A minimal (not very performant) implementation, which does not rely on handling errors (Python people think that's a reasonable way to program, I don't, although this is a stylistic choice), is, I think

(defun proper-list-p (l)
  (typecase l
    (null t)
    (cons
     (loop for tail = l then (cdr tail)
           for seen = (list tail) then (push tail seen)
           do (cond ((null tail)
                     (return t))
                    ((not (consp tail))
                     (return nil))
                    ((member tail (rest seen))
                     (return nil)))))))

This takes time quadratic in the length of l, and conses proportional to the length of l. You can obviously do better using an hashtable for the occurs check, and you can use a tortoise-&-hare algorithm do avoid the occurs check (but I'm not sure what the complexity of that is off the top of my head).

I am sure there are much better functions than this in libraries. In particular Alexandria has one.


While thinking about this question, I also wrote this function:

(defun classify-list (l)
  "Classify a possible list, returning four values.

The first value is a symbol which is
- NULL if the list is empty;
- LIST if the list is a proper list;
- CYCLIC-LIST if it contains a cycle;
- IMPROPER-LIST if it does not end with nil;
- NIL if it is not a list.

The second value is the total number of conses in the list (following
CDRs only).  It will be 0 for an empty list or non-list.
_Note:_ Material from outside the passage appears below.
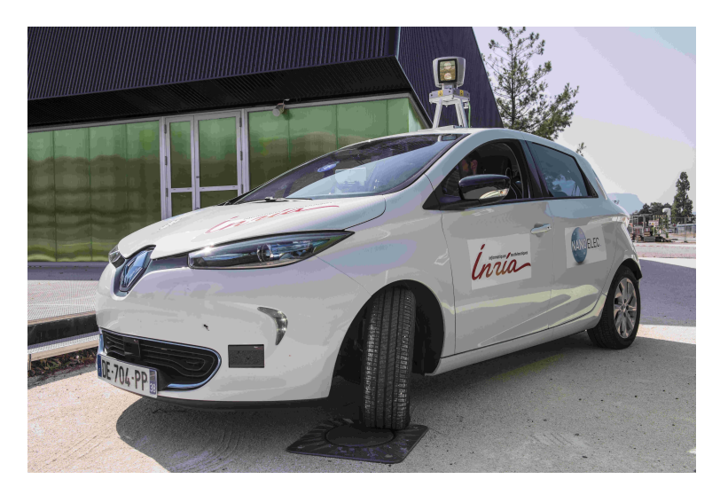
Figure 2: The autonomous electric car used in our experiment is a Renault Zoe. It is equipped with a Velodyne HDL64, 4 Ibeo Lux LiDARs, Xsens GPS and IMU, a stereo and 2 IDS cameras.

For the experiments, a Renault Zoe electric car has been equipped with a Velodyne HDL64 on the top, 3 Ibeo Lux LiDARs on the front and 1 on the back, Xsens GPS and IMU providing vehicle velocity and orientation, a stereo camera and 2 IDS cameras. Data from LiDARS are synchronized using ROS and fused into occupation grids [24]. The perception system is implemented on a PC in the trunk of the car equipped with a NVidia Titan X GPU, while the previously described automation process has been integrated in the vehicle. The control of the vehicle is implemented in a wired kit using BUS-CAN and direct control on the power steering. For the sake of the experiments, a dedicated portion of road has been designed and equipped with sensors and security requirements (PTL platform of IRT Nanoelec).

The third value is the cons at which the cycle in the list begins, or
NIL if there is no cycle or the list isn't a list.

The fourth value is the number if conses in the cycle, or 0 if there is no cycle.
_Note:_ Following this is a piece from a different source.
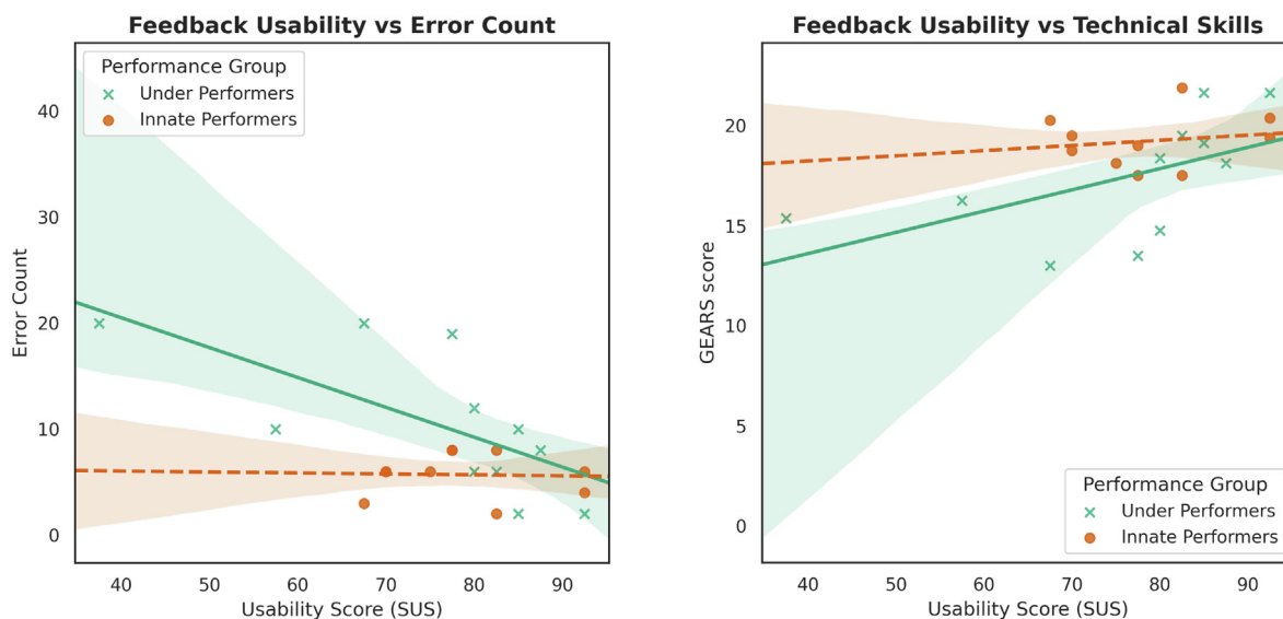
Fig. 3 – Empirical correlation of the System Usability Scale (SUS) score with the error count and technical skills score (GEARS) for underperformers and innate performers. The difference in slope shows that the feedback was more important in helping underperformers than innate performers. GEARS = Global Evaluative Assessment of Robotic Surgery.

Note that you can deduce the length of the leading element of the list
by subtracting the total number of conses from the number of conses in
the cycle: you can then use NTHCDR to pull out the cycle."
  ;; This is written as a tail recursion, I know people don't like
  ;; that in CL, but I wrote it for me.
  (typecase l
    (null (values 'null 0 nil 0 0))
    (cons
     (let ((table (make-hash-table)))
       (labels ((walk (tail previous-tail n)
                  (typecase tail
                    (null
                     (values 'list n nil 0))
                    (cons
                     (let ((m (gethash tail table nil)))
                       (if m
                           (values 'cyclic-list n tail (- n m))
                         (progn
                           (setf (gethash tail table) n)
                           (walk (cdr tail) tail (1+ n))))))
                    (t
                     (values 'improper-list n previous-tail 0)))))
         (walk l nil 0))))
    (t (values nil 0 nil 0))))

This can be used to get a bunch of information about a list: how long it is, if it is proper, if not if it's cyclic, and where the cycle is. Beware that in the cases of cyclic lists this will return circular structure as its third value. I believe that you need to use an occurs check to do this – tortoise & hare will tell you if a list is cyclic, but not where the cycle starts.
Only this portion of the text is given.